Berlin plans to allow Germany’s Bundesliga to restart in May after weeks of shutdown imposed to control the spread of the coronavirus, according to a draft agreement between Chancellor Angela Merkel and state premiers seen by AFP.
The politicians believe restarting play in the first and second divisions to “limit the economic damage” for the 36 clubs is “acceptable” and will set a date for the games to begin in a telephone conference later Wednesday, the document showed, with German media reporting May 21 was a possible candidate.
The German league (DFL), its FA and several regional governments have backed the top two divisions to start playing fixtures again as early as May 15.
They hope to enlist the major broadcast rights-holders, Germany’s Sky and DAZN, in support, with an undertaking to make matches available to all fans, whether or not they subscribe to the pay-channels. A clear condition of the Bundesliga – as for elite football in most of Europe’s major leagues – returning to action will be that stadiums are empty of fans, in order to prevent possible mass infection and maintain social distancing practices that have helped combat the spread of the virus.
Making matches widely available on television would persuade public health authorities that supporters will not gather in large groups at homes where there is a Sky or DAZN subscriber, in order to watch. Such gatherings would be considered a grave risk to public health.

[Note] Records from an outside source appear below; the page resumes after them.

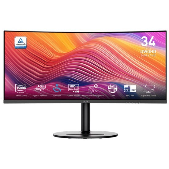 21:9 krzywizna 1500R zapewnia immersyjne i komfortowe wrażenia wizualne, eliminując zniekształcenia i zapewniając szersze pole widzenia. Gotowy do lekkiego grania z 120Hz wysoką częstotliwością odświeżania i AMD FreeSync Premium. Wbudowane połączenie USB typu C z funkcją dostarczania mocy 98W pozwala na łatwe podłączenie i ładowanie urządzeń. Tryby PIP/PBP zapewniają lepszą efektywność dla twórców, gdy jest to potrzebne. Wyświetlacz certyfikowany przez TÜV zapewnia ochronę i zdrowie wzroku. Technologia MSI EyesErgo z technologią antyflicker pomaga zapobiegać zmęczeniu oczu. MSI Eye-Q Check pomaga w samodzielnym sprawdzaniu oczu i przypomina o odpoczynku podczas długiego korzystania z monitora. Uchwyt zaprojektowano z ergonomicznymi cechami, w tym regulacją kąta nachylenia, obrotu i wysokości. Utrzymuj wszechstronność na różnych urządzeniach, wykorzystując wiele źródeł wejściowych, takich jak porty Type-C, HDMI i DP. Ciesz się najczystszym otoczeniem dzięki wygodnemu i odczepianemu systemowi zarządzania kablami. Dwa wbudowane głośniki.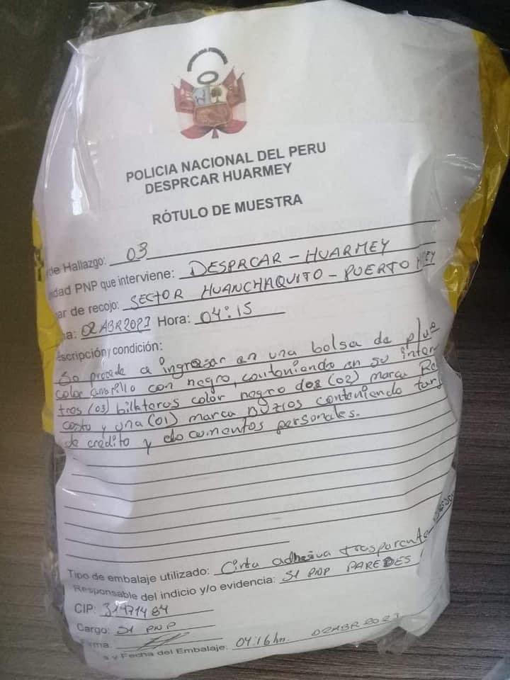 Una vez conocido el hecho se apoyó a la unidad móvil de la DESPRCAR Huarmey con seis (06) efectivos de CPNP Huarmey al mando del SB. PNP cruz León Cirilo Ernesto, donde minutos más tarde en alrededores del Puerto Huarmey en una zona salitrosa y matorrales apartada de la zona urbana, se halló mochilas, tarjetas, celular, Smart Watch, entre otras pertenencias de los pasajeros tiradas en la tierra, procediendo a recogerlos y trasladarlos a la CPNP Huarmey para las diligencias de ley.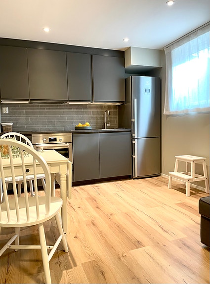 Leiligheten er på ca 35 m2 og ble totalrenovert sommeren 2023, inkludert nytt bad og kjøkken. Nytt gulv med varmekabler på stue/kjøkken fra 2025. Leiligheten består av entré med en liten bod, åpen stue/kjøkkenløsning med sofa/salong og kjøkkenbord, soverom med 140-seng med oppbevaringsplass, garderobeskap og stor kommode, samt et bad av god størrelse med varmekabler. Leiligheten er fullt møblert, inkludert hvitevarer og oppvaskmaskin, og har elektrisk ventilasjon.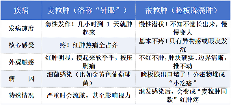 熬夜追剧后,不少人眼皮会突然肿个包——有人疼得睁不开眼,有人只觉得磨得慌,这大概率是麦粒肿或霰粒肿在“作祟”。麦粒肿和霰粒肿是日常生活中较为常见的眼睑疾病,虽然都长在眼睑上,但二者“脾气”完全不同,在病因、症状表现和治疗方法上有明显区别,搞错治疗方法可能越治越糟!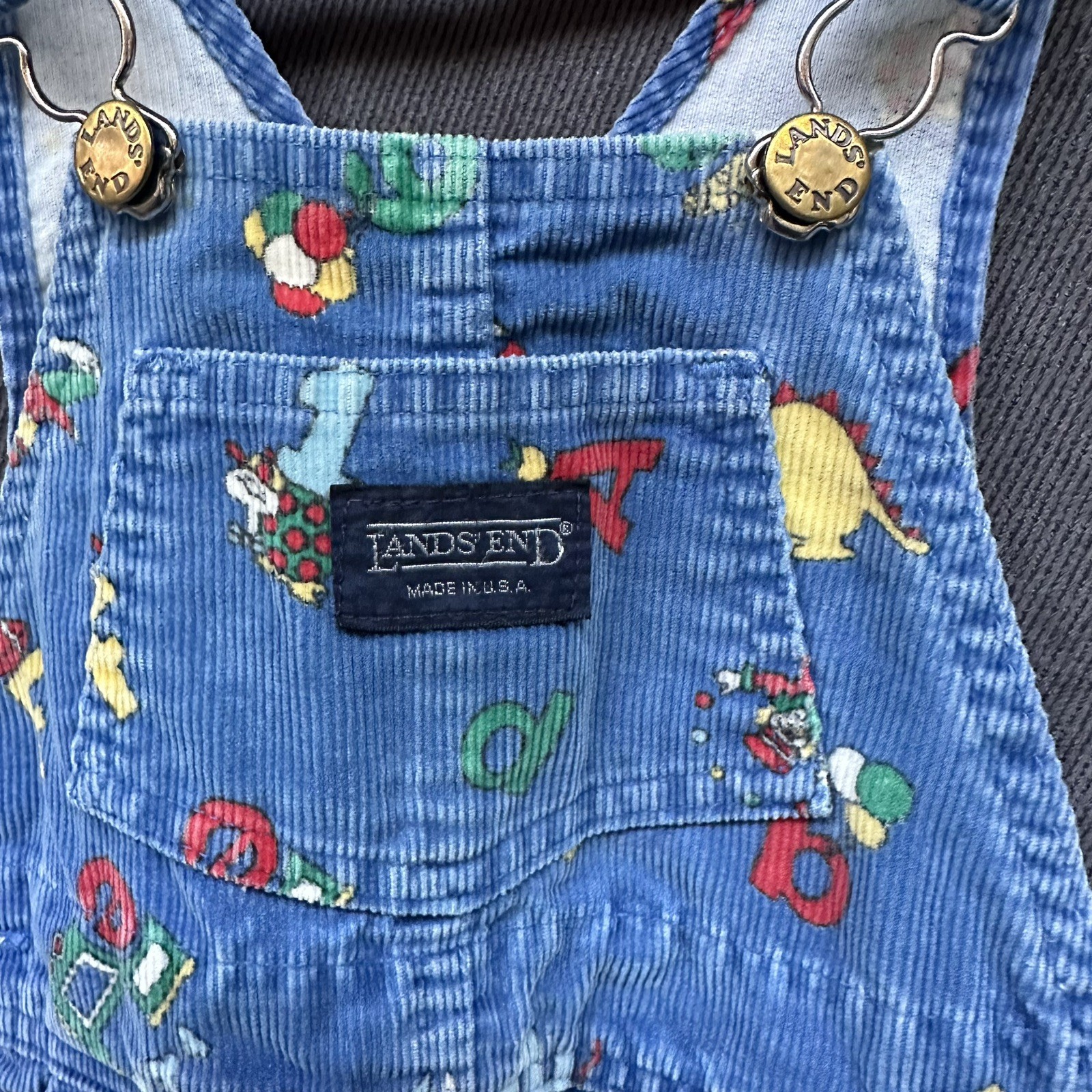 Vtg Corduroy Alphabet Overalls Letters Lands End 3T Kids Boys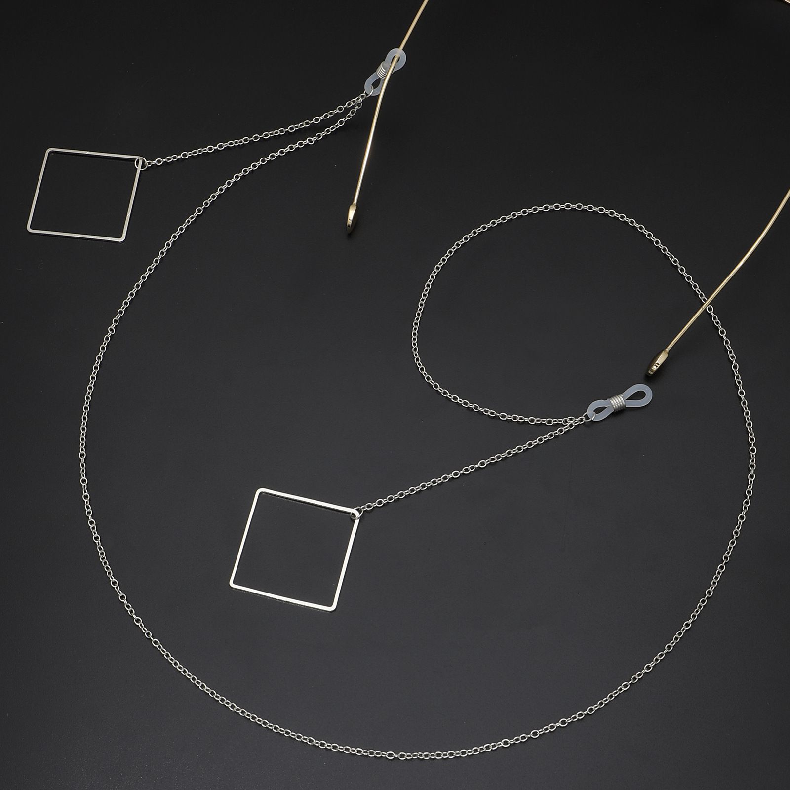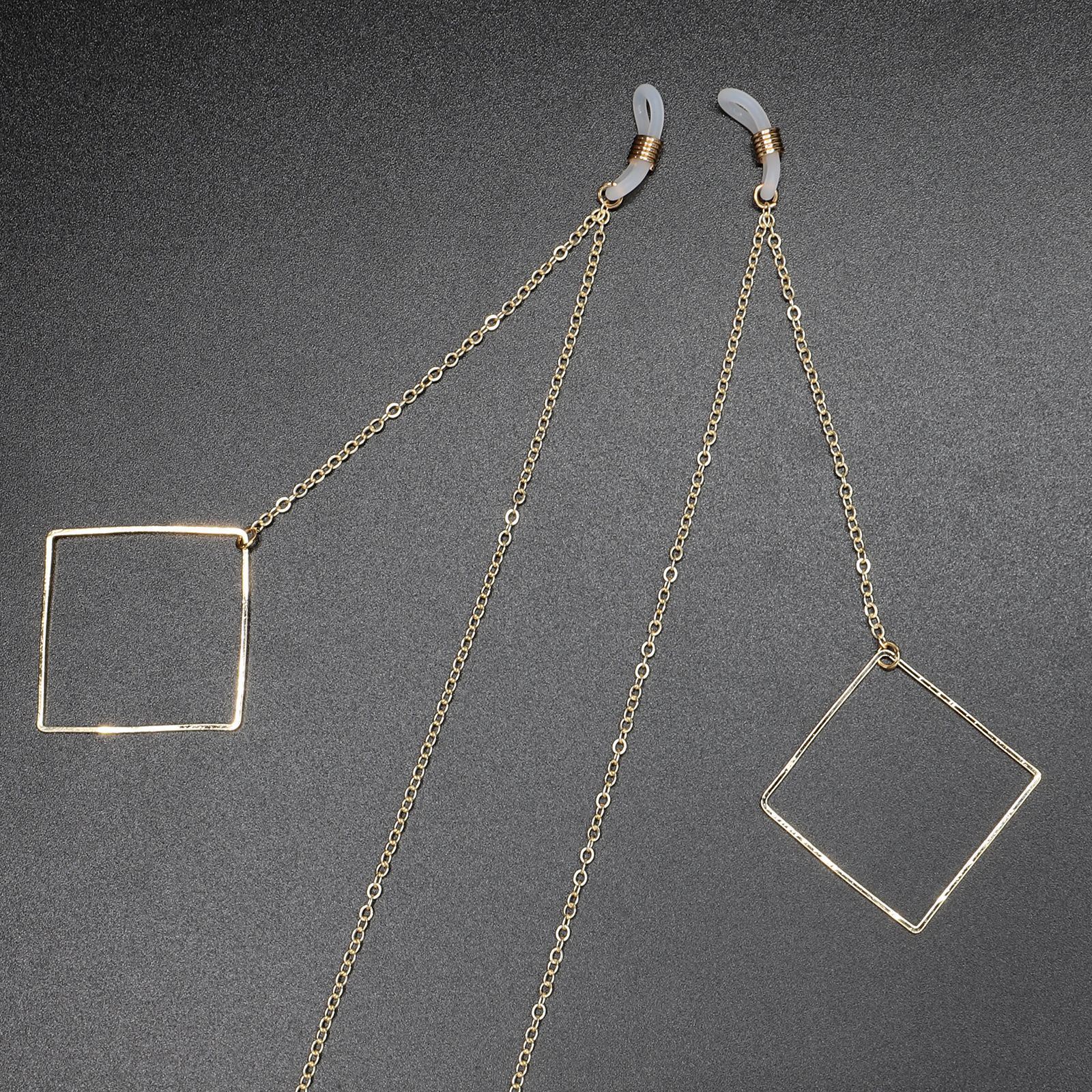 Metal non-slip chain, with pendant geometric square, for glasses and masks GL380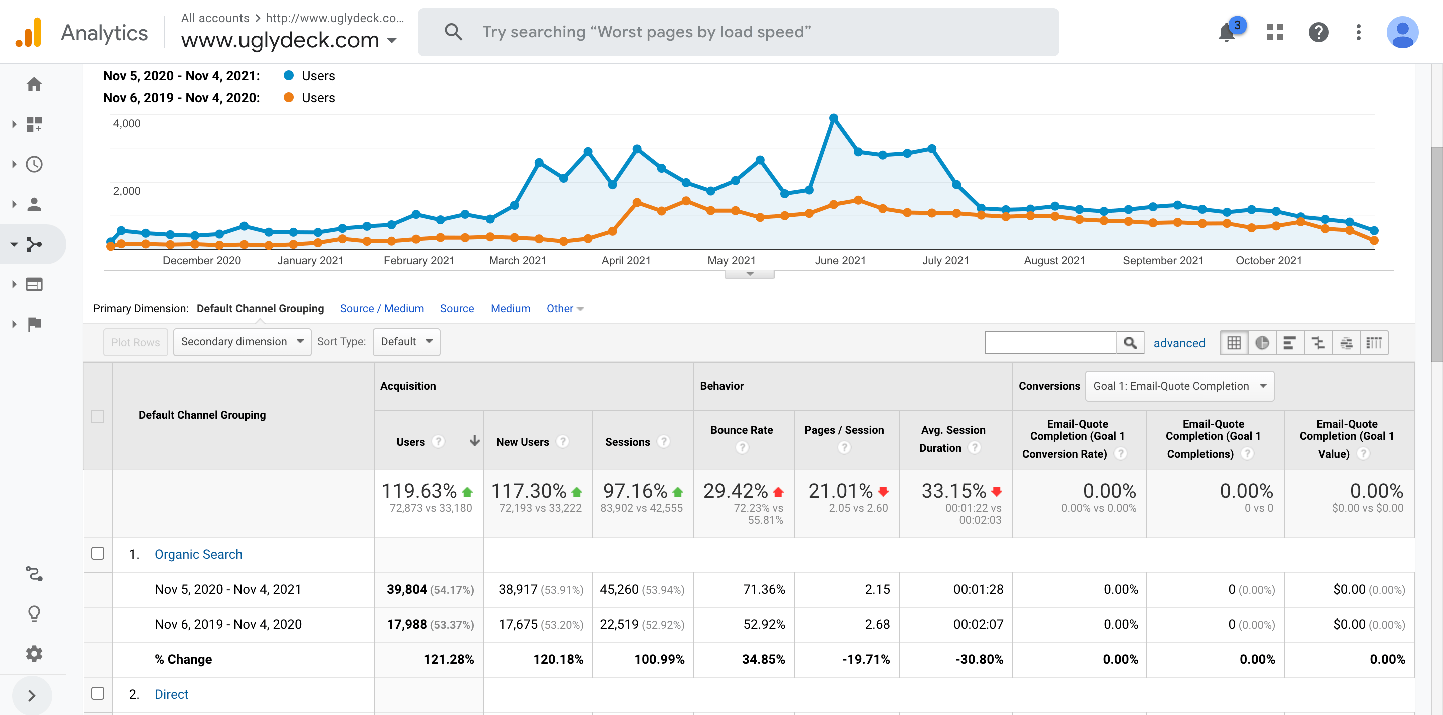 At the 1 year mark, UglyDeck was averaging 2000 more people per month from organic page 1 keywords than they had at the start.

The broadcasters are under political pressure, too, because of the concerns that restricted access to coverage of matches could lead to private, crowded showings of games, and because of television’s position as the main economic driver of the sport.
Part of the clubs’ determination to finish the 2019-20 league season, which was suspended in March with 90 matches still to play, is financial.
If the season is not completed, a portion of the income banked from lucrative broadcast-rights deals will have to be refunded, leaving many smaller clubs vulnerable.
The current domestic broadcasting deal, which covers the first and second tier of the Bundesliga, is worth close to €1.2 billion a year.